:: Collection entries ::
□ □ □

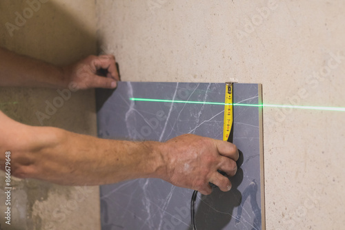 Builder is measures the repair lines for laying tiles using a laser level with green beams. Close up.
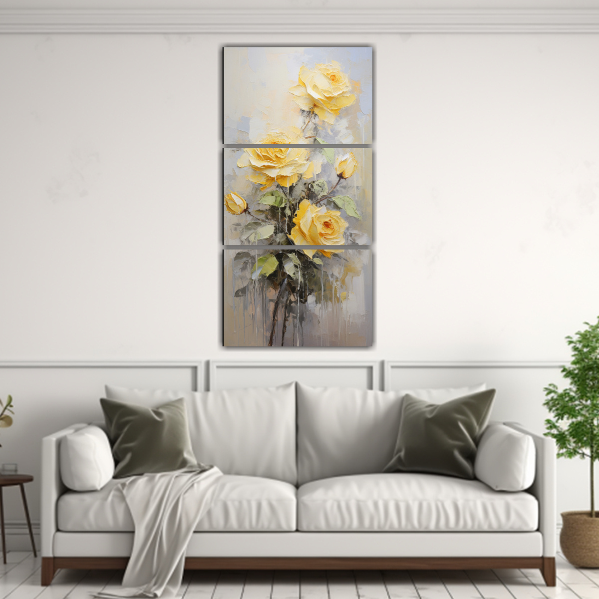 Pintura Tríptica De Rosas Amarillas En Lienzo, Estilo Decorativo
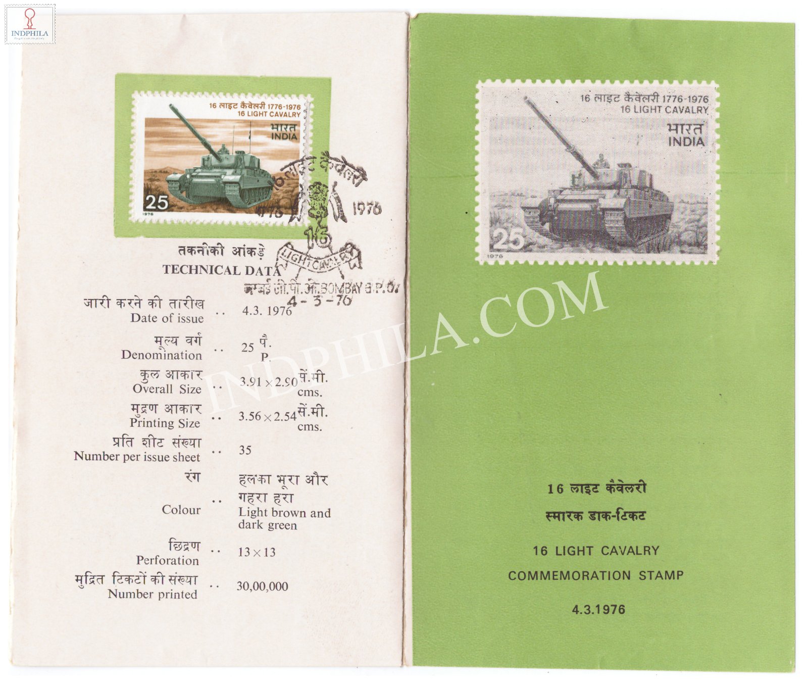 Bicentenary of 16th Light Cavalry Regiment Brochure with First Day Cancellation 1976 Issued By Postal Department
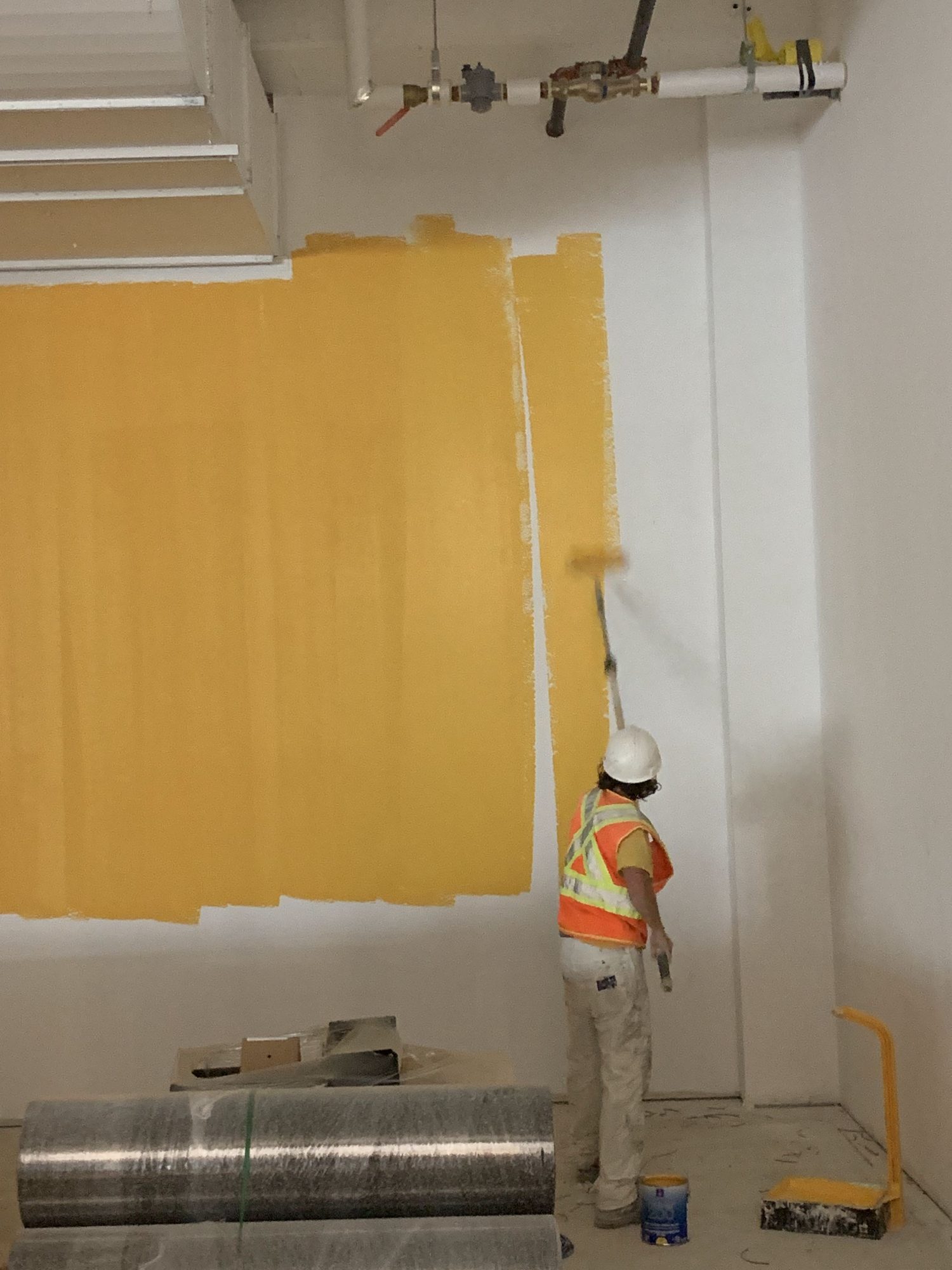 The walls were painted yellow to give the space a bright and inviting feel. Since some of the walls were 18 feet high, we used extension rollers to cover large areas efficiently.
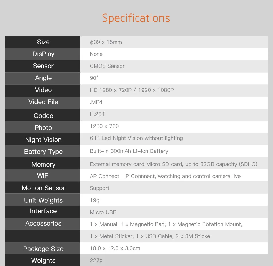 Размер (прибл.): 40x15,9 мм/1,57 * 0.63in Экран: нет Датчик изображения: датчик CMOS Угол обзора: 90 градусов Разрешение видео: HD 1280x720 P Формат видео: MP4 Формат сжатия: H.264 Разрешение фото: 1280x720 Инфракрасное Ночное Видение: 6 световых инфракрасных огней ночного видения Тип батареи: встроенный литий-полимерный аккумулятор 220 мА Хранение: внешняя Подключаемая карта, максимальная поддержка 32 ГБ Micro SD карта TF Wi-Fi подключение: AP локальное подключение, IP Дистанционное подключение, wifi беспроводной контроль видео камера Обнаружение движения: Поддержка Вес нетто: около 19 г Интерфейс: Micro-USB Размер упаковки: около 18,0x12,0x3,0 см/7,09*4,72*1,18 дюйма Вес брутто: около 227 г
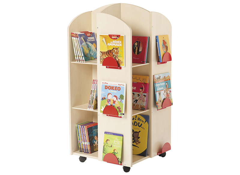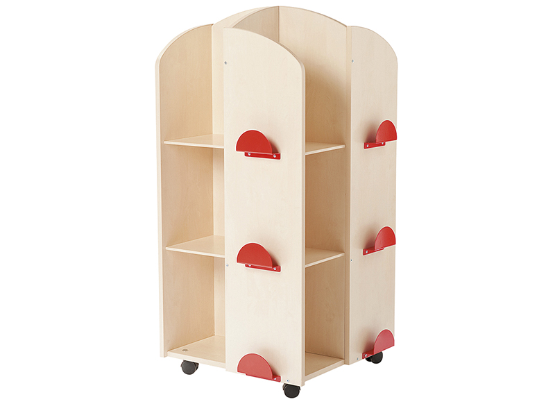 Presenteermeubel voor boekjes. 4 zijden met opberg en presentatie waardoor kinderen in kleine groepjes een keuze uit de verschillende boekjes kunnen maken.
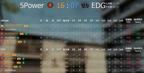 5Power在本次群星联赛中国区预选赛中一路走来表现都非常出色,本场比赛面对EDG的比赛对于他们来说至关重要。双方首先在cobblestone上展开争夺,5P先做CT赢下手枪局后取得5-0领先。
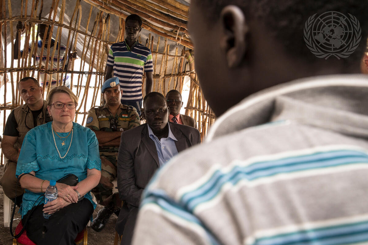 Ellen Margrethe Løj (left), Special Representative of the Secretary-General and Head of the UN Mission in South Sudan (UNMISS), speaks to one of the former child soldiers during her visit to the town of Pibor in Juba, South Sudan.
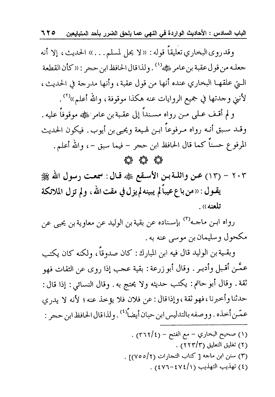 203 - (13) عن واثلة بن الأسقع رضي الله عنه قال: سمعت رسول الله صلى الله عليه وسلم يقول: "من باع عيباً لم يبينه لم يزل في مقت الله، ولم تزل الملائكة تلعنه".
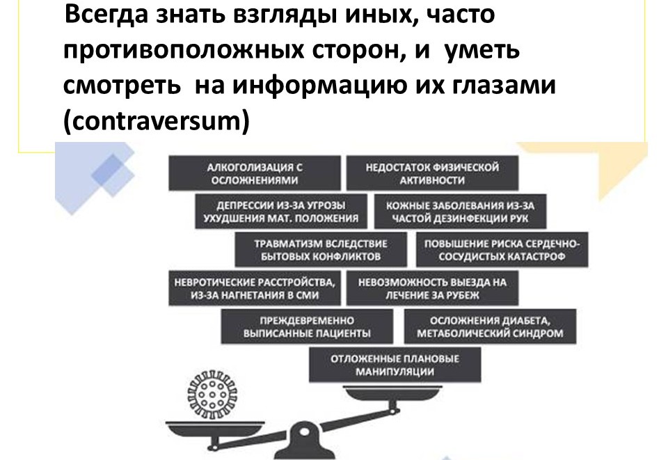 Вот пример, который был очень актуален буквально несколько лет назад. С одной стороны – COVID, с которым надо бороться, а с другой стороны – на весах:
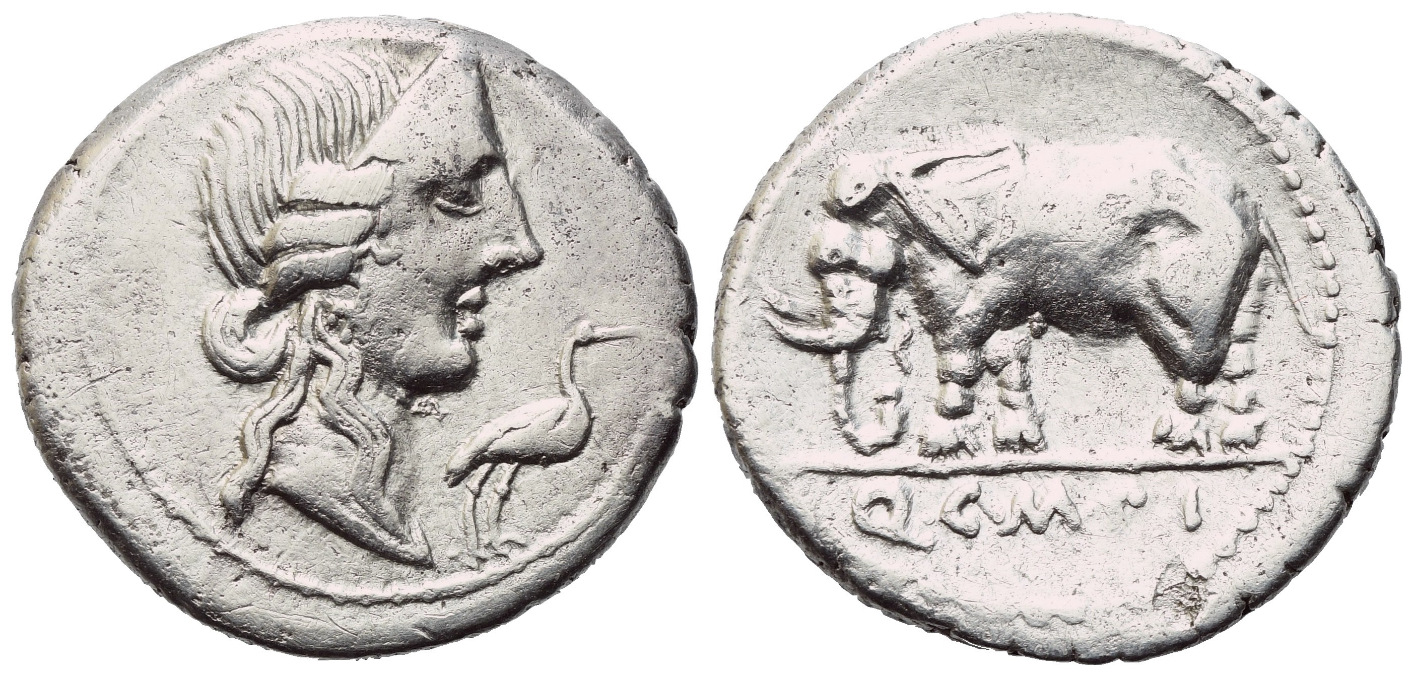 Diademed head of Pietas r.; before, stork standing r.; Rv. Elephant walking l.; in exergue, Q·C·M·PI. Crawford 374/1; Babelon (Caecilia) 43; Sydenham 750. Good very fine.
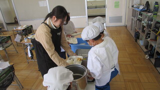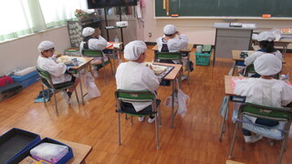 今日から2年生以上の給食がはじまりました。新しい先生と当番の仕方を確認しながらの配膳です。おいしくいただきました。
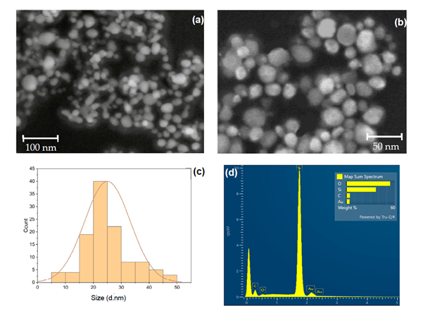 图2. (a,b) 不同放大倍数下的SEM图像,(c) 尺寸分布分析,(d) AuNPs@OPE的EDX光谱。
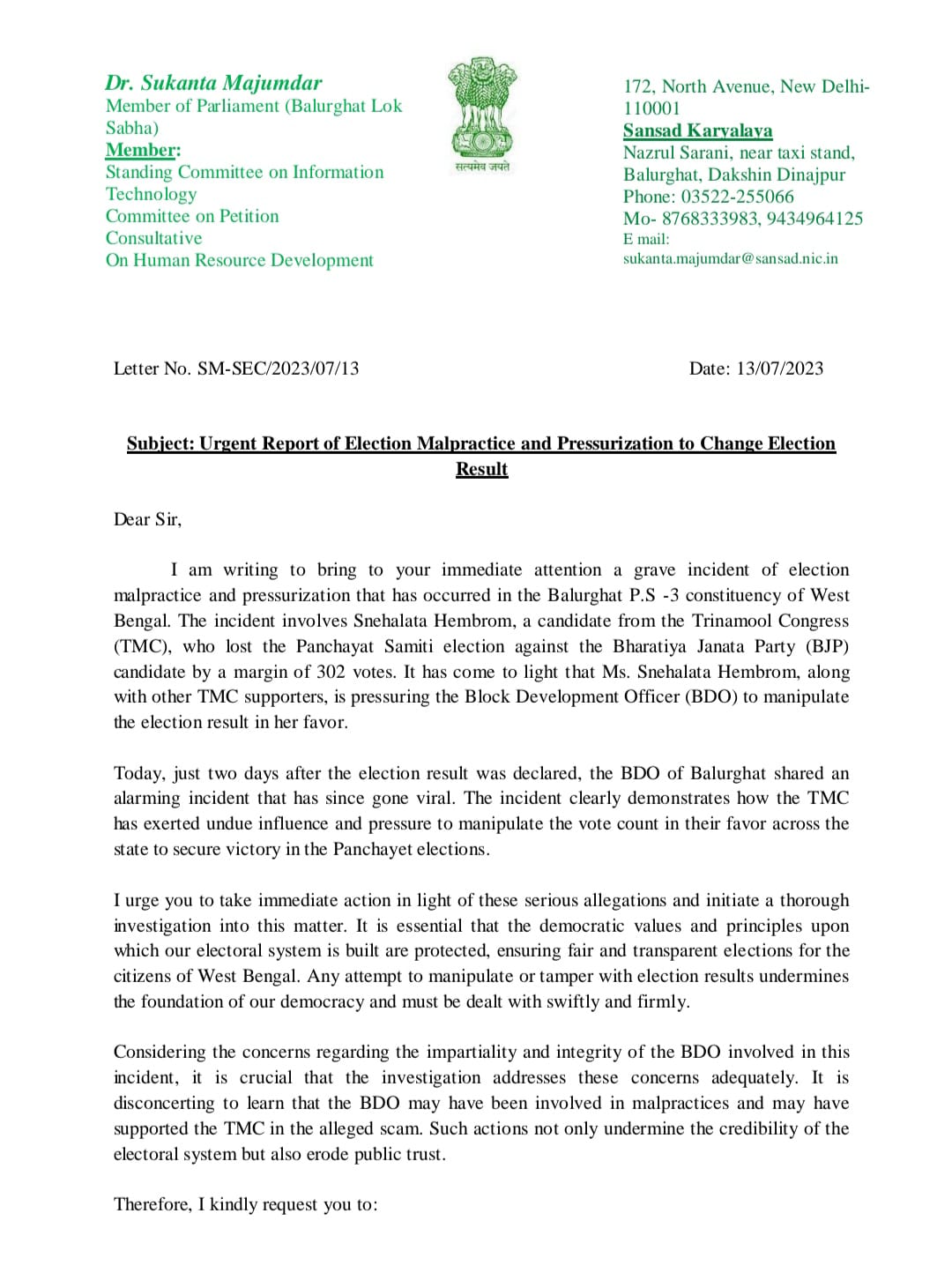 বিজেপি রাজ্য সভাপতি সুকান্ত মজুমদার বলেন, আমাদের জেতা প্রার্থী কে হারানোর চক্রান্ত চলছে। বিডিওর পোস্ট প্রমাণ করেছে গোটা রাজ্যজুড়ে কি চলছে।
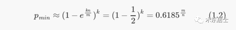 如果给定 m 和 n,当 k 取以下值时,误判率 p 的值最小:
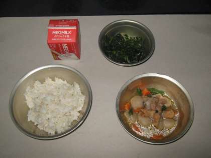 今日の給食は,麦ごはん・牛乳・鶏肉と里いもの煮つけ・ほうれん草とじゃこのいためものでした。里いもがやわらかく,味もしっかりしみこんでいました。ほうれん草とじゃこのいためものは,ごまの風味がよくきいていて,ごはんによくあいました。
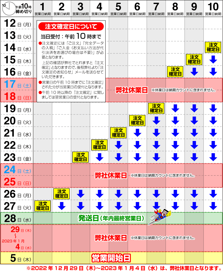 年内に商品の発送をご希望の際には下記カウント表をご参照してください。
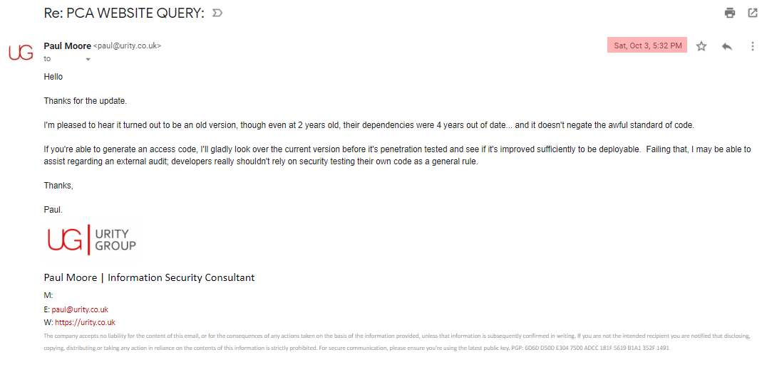 The next few days are spent relaying issues to <redacted> until finally, I'm told an independent penetration tester could not confirm any of the issues I'd raised.
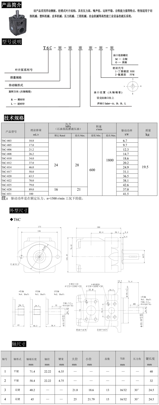T6C-003,T6C-005,T6C-006,T6C-008,T6C-010,T6C-012,T6C-014,T6C-017,T6C-020,高壓柱銷式葉片泵
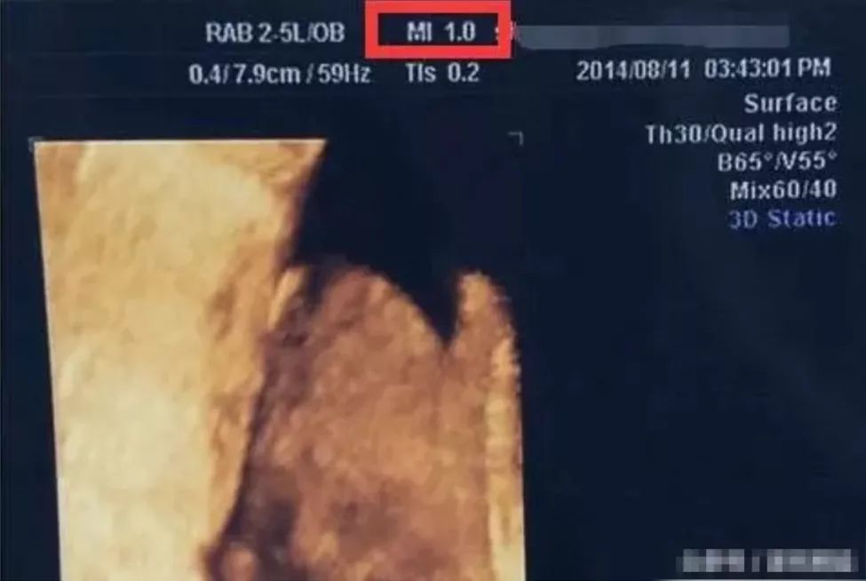 这里显示的“MI”,英文全名:Mechanical index,意思其实是--“超声机械指数”!
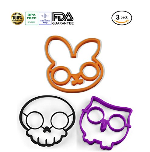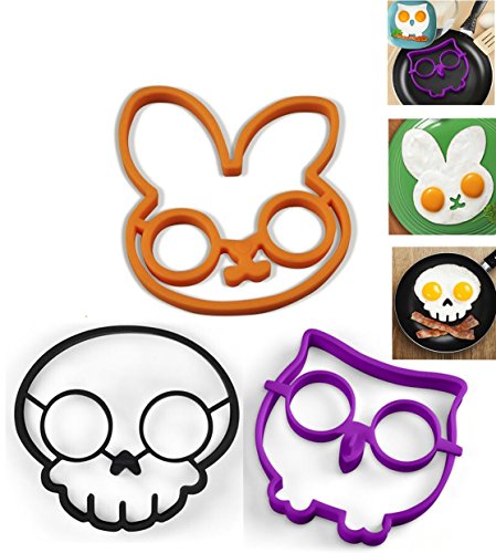 Tenta Kitchen Silicone Egg Ring Mold, Pancake Mold Set -Rabbit, Owl and Skull (Pack of 3)
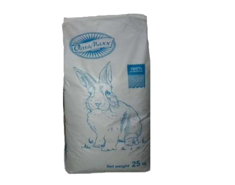 Makanan kering kelinci dewasa Vitamaxx. Ali, tanpa campuran, kemasan repack isi 800gr. (Kemasan asli 25kg).

□ □ □

:: Problem description ::
The response should repeat every entry above exactly and include none of the pictures.

:: Written solution ::
 Builder is measures the repair lines for laying tiles using a laser level with green beams. Close up.
 Pintura Tríptica De Rosas Amarillas En Lienzo, Estilo Decorativo
 Bicentenary of 16th Light Cavalry Regiment Brochure with First Day Cancellation 1976 Issued By Postal Department
 The walls were painted yellow to give the space a bright and inviting feel. Since some of the walls were 18 feet high, we used extension rollers to cover large areas efficiently.
 Размер (прибл.): 40x15,9 мм/1,57 * 0.63in Экран: нет Датчик изображения: датчик CMOS Угол обзора: 90 градусов Разрешение видео: HD 1280x720 P Формат видео: MP4 Формат сжатия: H.264 Разрешение фото: 1280x720 Инфракрасное Ночное Видение: 6 световых инфракрасных огней ночного видения Тип батареи: встроенный литий-полимерный аккумулятор 220 мА Хранение: внешняя Подключаемая карта, максимальная поддержка 32 ГБ Micro SD карта TF Wi-Fi подключение: AP локальное подключение, IP Дистанционное подключение, wifi беспроводной контроль видео камера Обнаружение движения: Поддержка Вес нетто: около 19 г Интерфейс: Micro-USB Размер упаковки: около 18,0x12,0x3,0 см/7,09*4,72*1,18 дюйма Вес брутто: около 227 г
 Presenteermeubel voor boekjes. 4 zijden met opberg en presentatie waardoor kinderen in kleine groepjes een keuze uit de verschillende boekjes kunnen maken.
 5Power在本次群星联赛中国区预选赛中一路走来表现都非常出色,本场比赛面对EDG的比赛对于他们来说至关重要。双方首先在cobblestone上展开争夺,5P先做CT赢下手枪局后取得5-0领先。
 Ellen Margrethe Løj (left), Special Representative of the Secretary-General and Head of the UN Mission in South Sudan (UNMISS), speaks to one of the former child soldiers during her visit to the town of Pibor in Juba, South Sudan.
 203 - (13) عن واثلة بن الأسقع رضي الله عنه قال: سمعت رسول الله صلى الله عليه وسلم يقول: "من باع عيباً لم يبينه لم يزل في مقت الله، ولم تزل الملائكة تلعنه".
 Вот пример, который был очень актуален буквально несколько лет назад. С одной стороны – COVID, с которым надо бороться, а с другой стороны – на весах:
 Diademed head of Pietas r.; before, stork standing r.; Rv. Elephant walking l.; in exergue, Q·C·M·PI. Crawford 374/1; Babelon (Caecilia) 43; Sydenham 750. Good very fine.
 今日から2年生以上の給食がはじまりました。新しい先生と当番の仕方を確認しながらの配膳です。おいしくいただきました。
 图2. (a,b) 不同放大倍数下的SEM图像,(c) 尺寸分布分析,(d) AuNPs@OPE的EDX光谱。
 বিজেপি রাজ্য সভাপতি সুকান্ত মজুমদার বলেন, আমাদের জেতা প্রার্থী কে হারানোর চক্রান্ত চলছে। বিডিওর পোস্ট প্রমাণ করেছে গোটা রাজ্যজুড়ে কি চলছে।
 如果给定 m 和 n,当 k 取以下值时,误判率 p 的值最小:
 今日の給食は,麦ごはん・牛乳・鶏肉と里いもの煮つけ・ほうれん草とじゃこのいためものでした。里いもがやわらかく,味もしっかりしみこんでいました。ほうれん草とじゃこのいためものは,ごまの風味がよくきいていて,ごはんによくあいました。
 年内に商品の発送をご希望の際には下記カウント表をご参照してください。
 The next few days are spent relaying issues to <redacted> until finally, I'm told an independent penetration tester could not confirm any of the issues I'd raised.
T6C-003,T6C-005,T6C-006,T6C-008,T6C-010,T6C-012,T6C-014,T6C-017,T6C-020,高壓柱銷式葉片泵
 这里显示的“MI”,英文全名:Mechanical index,意思其实是--“超声机械指数”!
 Tenta Kitchen Silicone Egg Ring Mold, Pancake Mold Set -Rabbit, Owl and Skull (Pack of 3)
 Makanan kering kelinci dewasa Vitamaxx. Ali, tanpa campuran, kemasan repack isi 800gr. (Kemasan asli 25kg).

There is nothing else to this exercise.